*Information shown*:
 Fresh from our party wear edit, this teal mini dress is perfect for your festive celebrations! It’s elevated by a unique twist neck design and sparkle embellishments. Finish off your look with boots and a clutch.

==

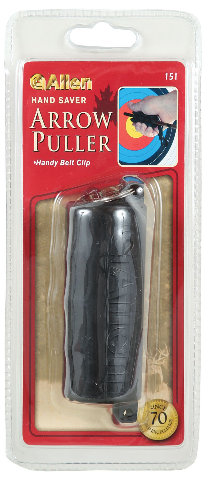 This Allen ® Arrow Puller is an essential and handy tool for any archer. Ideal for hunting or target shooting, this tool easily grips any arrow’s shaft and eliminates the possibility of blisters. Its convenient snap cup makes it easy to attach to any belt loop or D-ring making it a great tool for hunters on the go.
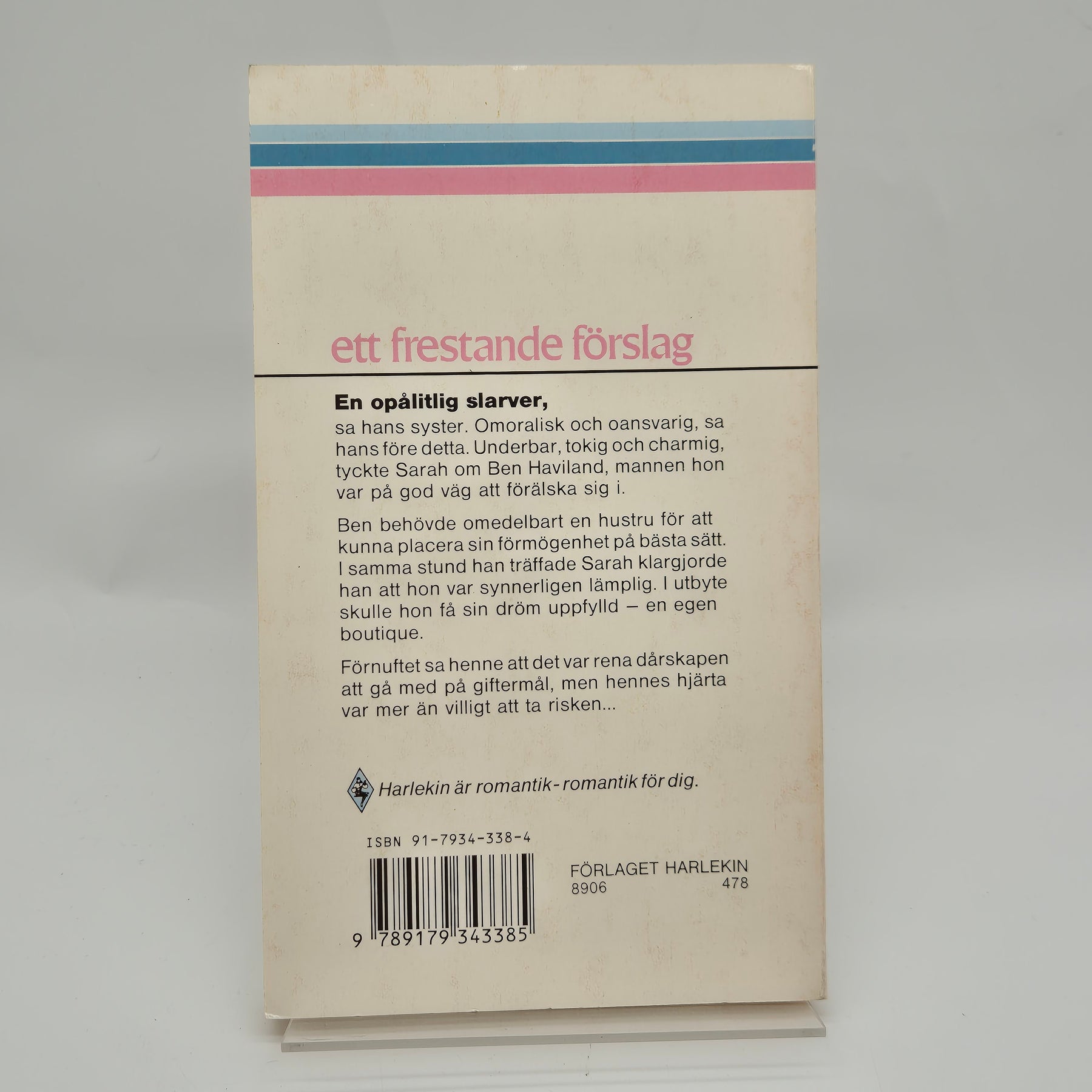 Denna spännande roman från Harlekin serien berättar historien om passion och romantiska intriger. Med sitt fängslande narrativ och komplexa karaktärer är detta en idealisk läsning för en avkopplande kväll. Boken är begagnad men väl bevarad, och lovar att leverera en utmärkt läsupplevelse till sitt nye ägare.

==

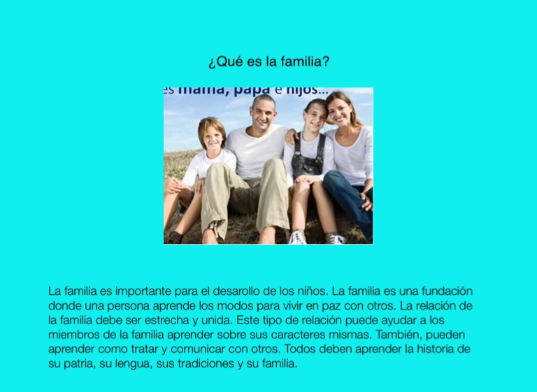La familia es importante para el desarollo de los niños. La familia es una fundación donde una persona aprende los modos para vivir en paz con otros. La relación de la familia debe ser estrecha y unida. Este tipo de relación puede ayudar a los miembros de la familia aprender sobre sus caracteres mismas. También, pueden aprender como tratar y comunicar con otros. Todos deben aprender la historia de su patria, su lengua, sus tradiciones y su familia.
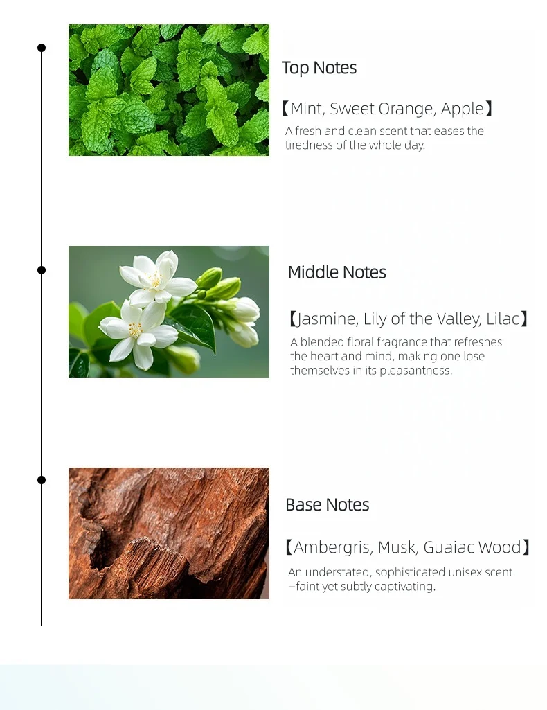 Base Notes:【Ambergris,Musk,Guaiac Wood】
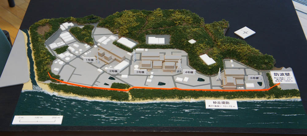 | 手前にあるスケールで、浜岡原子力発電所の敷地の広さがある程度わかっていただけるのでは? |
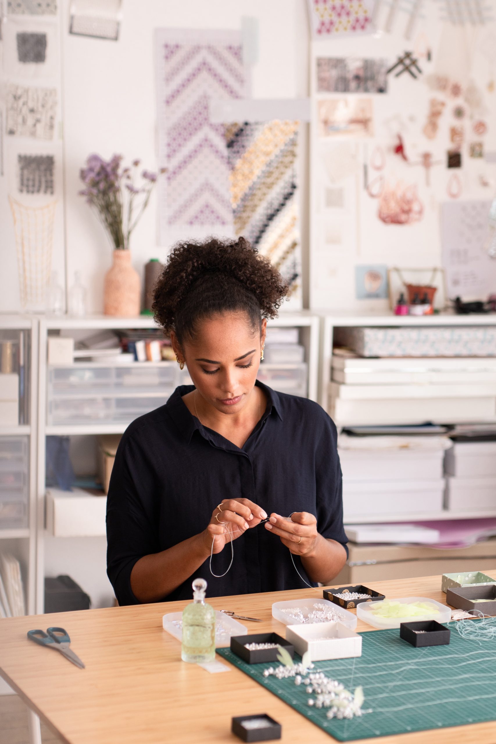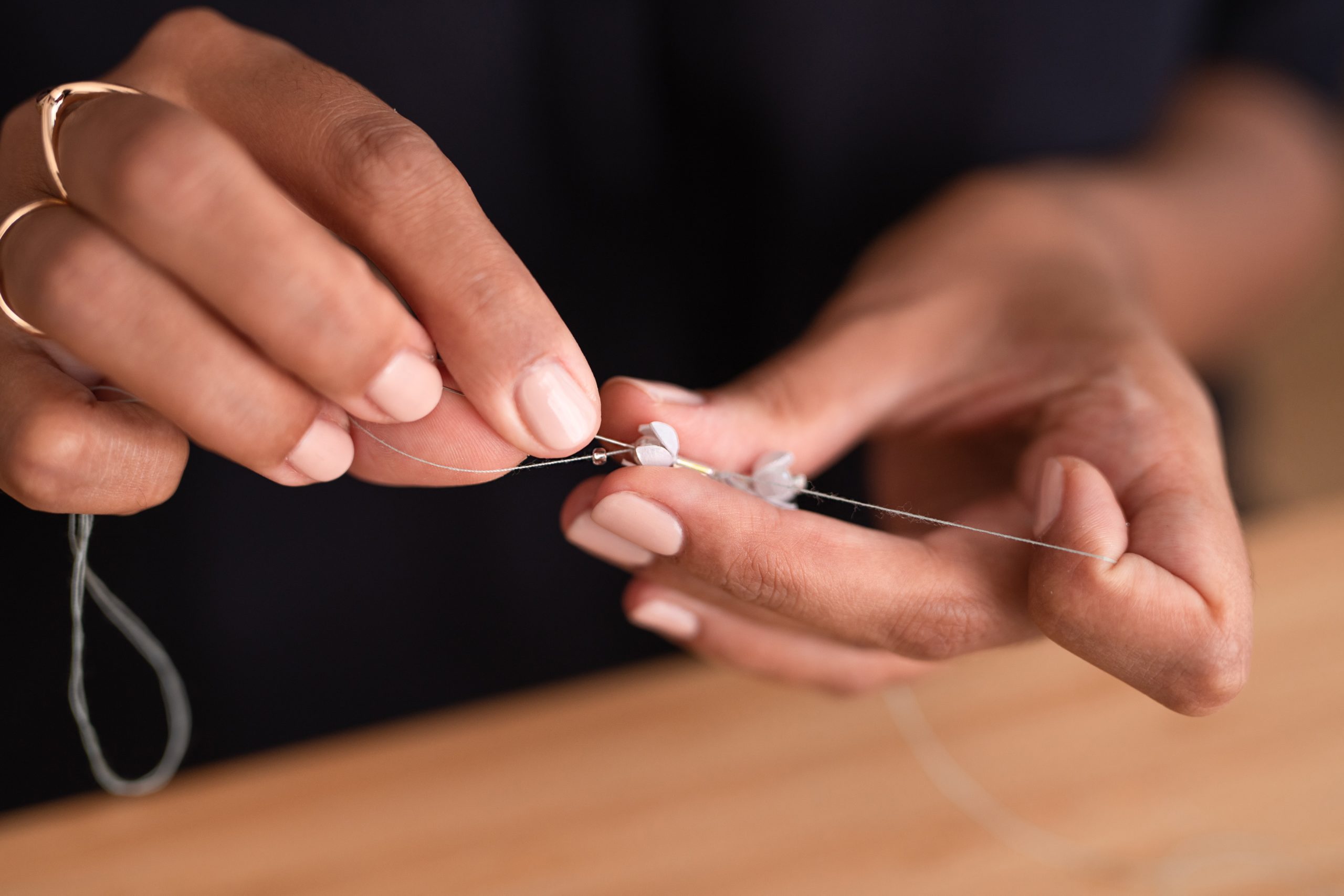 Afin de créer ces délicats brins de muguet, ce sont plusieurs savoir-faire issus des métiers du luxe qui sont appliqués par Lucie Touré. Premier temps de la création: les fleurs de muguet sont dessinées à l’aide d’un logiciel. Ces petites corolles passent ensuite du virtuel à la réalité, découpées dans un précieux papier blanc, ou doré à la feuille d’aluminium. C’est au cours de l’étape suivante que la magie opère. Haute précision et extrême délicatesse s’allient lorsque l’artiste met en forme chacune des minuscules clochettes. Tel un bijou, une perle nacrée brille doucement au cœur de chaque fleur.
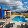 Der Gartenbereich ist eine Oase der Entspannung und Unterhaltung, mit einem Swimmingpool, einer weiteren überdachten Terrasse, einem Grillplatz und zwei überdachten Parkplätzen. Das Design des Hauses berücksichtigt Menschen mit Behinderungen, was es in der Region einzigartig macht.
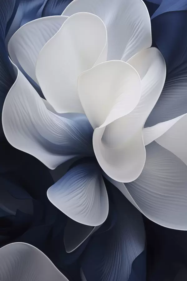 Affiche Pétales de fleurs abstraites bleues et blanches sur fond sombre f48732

*Exercise details*: Copy the lines above exactly, starting at the one with "Afin de créer" and ending at the one with "Affiche Pétales de", both included. Leave out any pictures and add nothing else.

*Your response*:
 Afin de créer ces délicats brins de muguet, ce sont plusieurs savoir-faire issus des métiers du luxe qui sont appliqués par Lucie Touré. Premier temps de la création: les fleurs de muguet sont dessinées à l’aide d’un logiciel. Ces petites corolles passent ensuite du virtuel à la réalité, découpées dans un précieux papier blanc, ou doré à la feuille d’aluminium. C’est au cours de l’étape suivante que la magie opère. Haute précision et extrême délicatesse s’allient lorsque l’artiste met en forme chacune des minuscules clochettes. Tel un bijou, une perle nacrée brille doucement au cœur de chaque fleur.
 Der Gartenbereich ist eine Oase der Entspannung und Unterhaltung, mit einem Swimmingpool, einer weiteren überdachten Terrasse, einem Grillplatz und zwei überdachten Parkplätzen. Das Design des Hauses berücksichtigt Menschen mit Behinderungen, was es in der Region einzigartig macht.
 Affiche Pétales de fleurs abstraites bleues et blanches sur fond sombre f48732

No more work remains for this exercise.